"Rosabel isn't here."
There was a short silence. Then: "Are you joking with me, Annie? If she isn't up yet, please tell her to—"
"Honest to goodness, Mrs. Vick, she's not here. I haven't seen her since day before yesterday."
"She said she was going over to spend the night with you. She left home about four yesterday. Oh, my goodness, I—I—is there any one else she might have,—I'm sure she said you, though, Annie. Can you think of any one else? She took her nightdress—and things."
"She always comes here, Mrs. Vick," said Annie, and felt a little chill creeping over her. "Still she may have gone to Mrs. Urline's. She and Hattie are good friends. Shall I call up and ask? I'll ring you up in a couple of minutes."
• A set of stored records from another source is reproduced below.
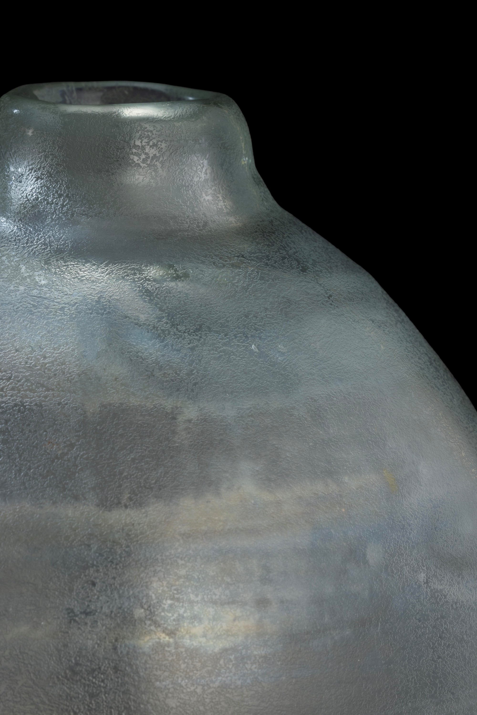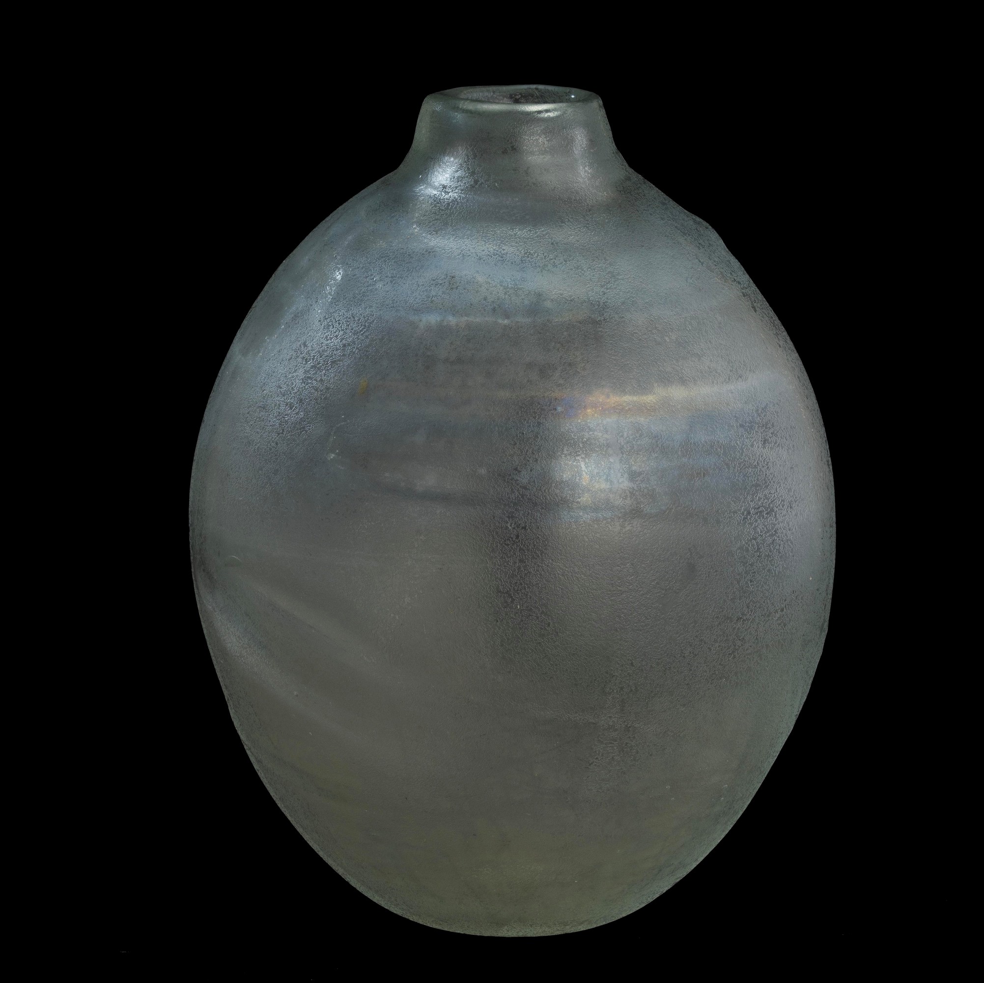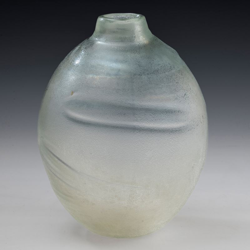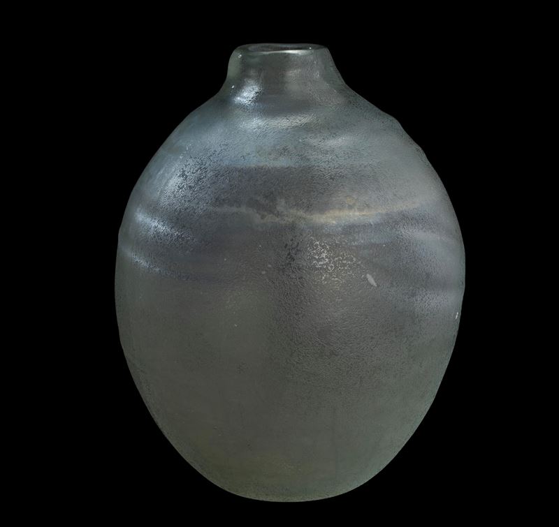 Grande vaso serie Corrosi decorato da rilievi con superficie interamente lavorata all’acido e iridata.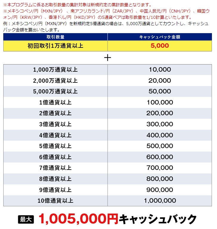 ~新規口座開設とお取引で最大1,005,000円キャッシュバック~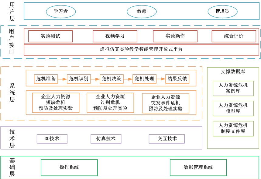 本系统架构分用户层、用户接口、系统层、技术层、基础层和数据库。用户层的学习者、教师、管理人员可以通过虚拟仿真实验教学智能管理开放式平台进行视频学习、实验测试、实验操作、综合评价等;系统层主要包括人力资源短缺危机预防与处理实验、人力资源过剩危机预防与处理实验和人力资源突发事件危机预防与处理实验。每个实验均包括“危机准备——危机识别——危机决策——危机处理——结果反馈”五大环节;技术层主要采用了3D技术、仿真技术、交互技术等现代技术;基础层主要包括操作系统和数据库管理系统; 数据库主要包括人力资源危机案例数据库、人力资源危机制度文件数据库、人力资源危机模型库。系统构架图如图47所示。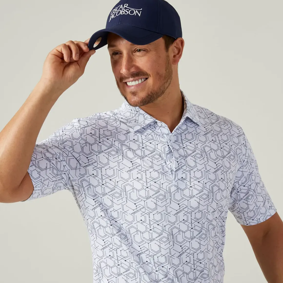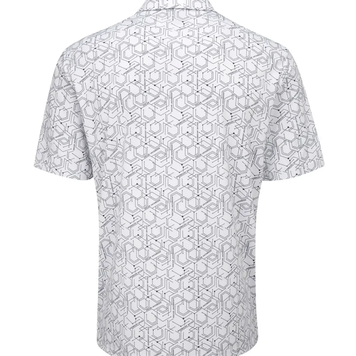 This J.Lindeberg polo shirt is made with a technical stretch fabric to allow you to perform without restriction. The fabric offers high levels of breathability to provide enhanced cooling and moisture management. Designed with a 3-button placket, self-fabric stand collar, and highlighted with an all-over geo print for stand-out style. Complete with an OJ logo flat print to the right sleeve and back neck for added appeal.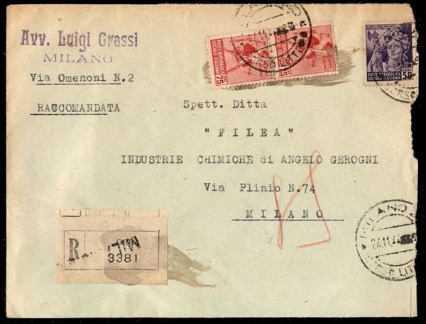 Coppia del 75 cent (499) + 50 cent (507) su raccomandata per cittą - Milano 24.11.1944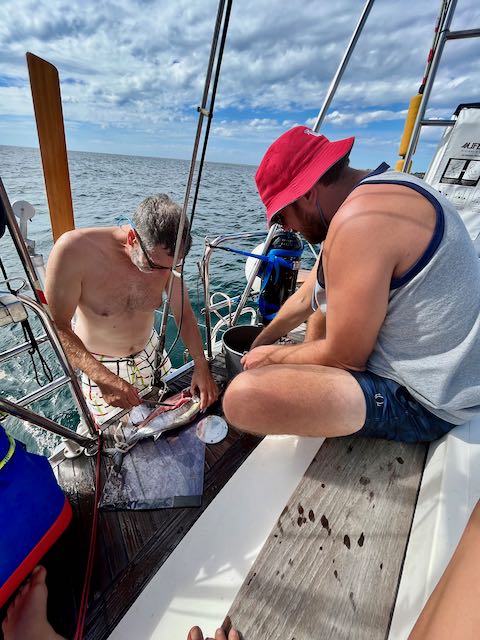 The electric winch that we use to raise the mainsail isn’t working. It will take some time to trouble shoot and repair it. Also, we need to have a piece of metal fabricated for our mainsheet traveller. The piece broke on the way down the outside of the Baja. We can sail the way it is, but we’ll sail better once it’s repaired.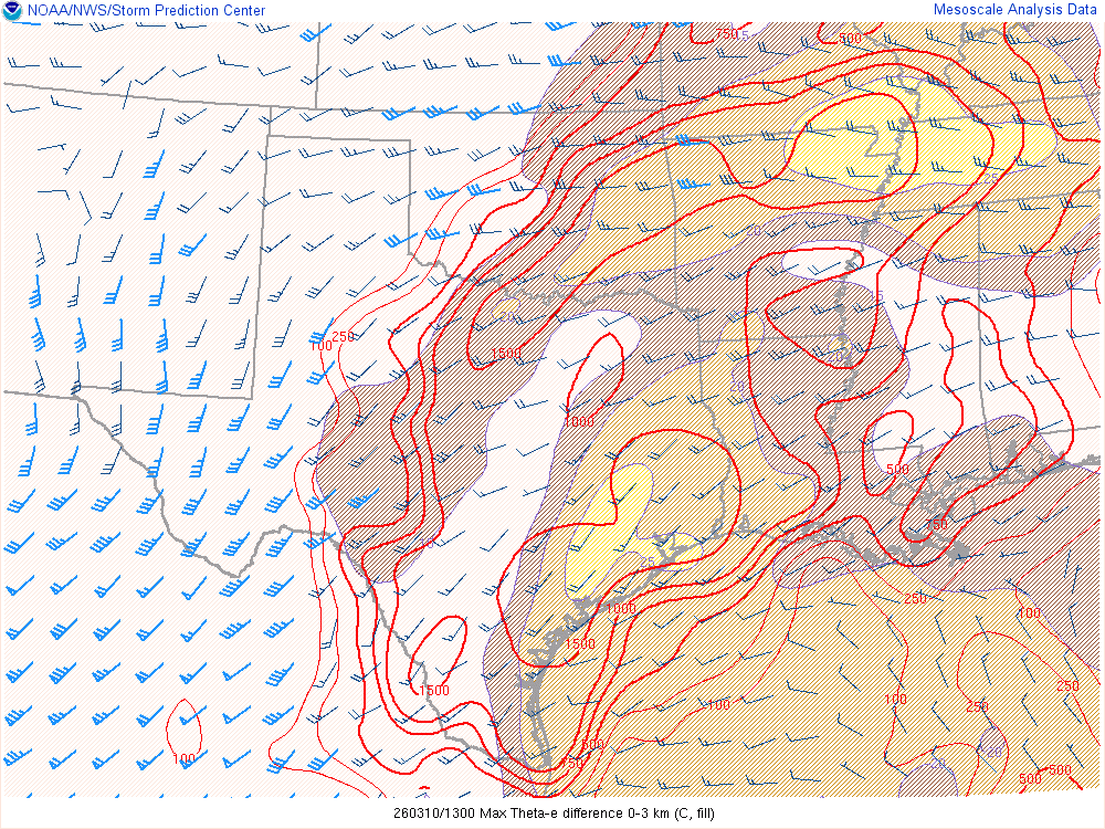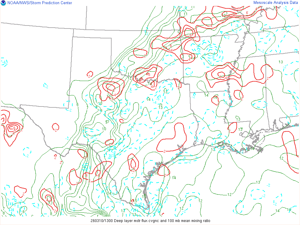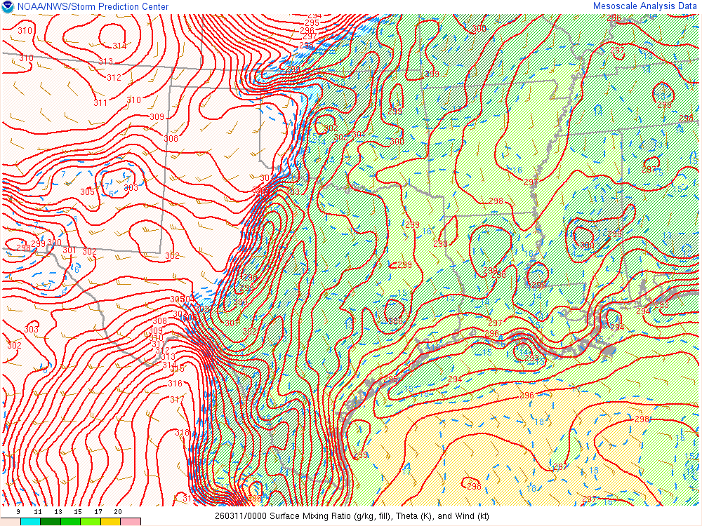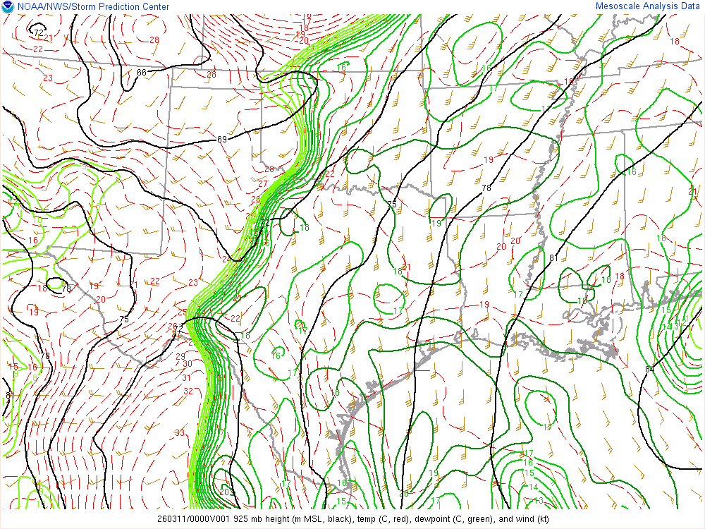 Moisture was very high for March. Dewpoints in the mid 60s were in place at 8am across the eastern 1/2 of Oklahoma.

That was the beginning. Within the hour the whole of Windomville was talking about the strange disappearance of the pretty daughter of Amos Vick, across the river. Old Jim House, the handy-man at Dowd's Tavern, inserted his shaggy head through the dining-room door and informed the editor of the Sun in a far from ceremonious manner that he had an "item" for the paper.
"I'll be out as soon as I've finished breakfast," said Mr. Pollock.
"Well, you can't say I didn't tell ye," said Jim, and withdrew his head. "No wonder there ain't ever anything worth readin' in that pickerune paper of his, Maggie," he growled to Margaret Slattery. "If ever I DO subscribe for a paper, it's goin' to be one that's got some git up and go about it. Some Injinapolis er Cincinnaty paper, b'gosh. There's Link Pollock settin' in there eatin' pancakes while a girl is bein' missed from one end of the township to the other. Bill Foss has—"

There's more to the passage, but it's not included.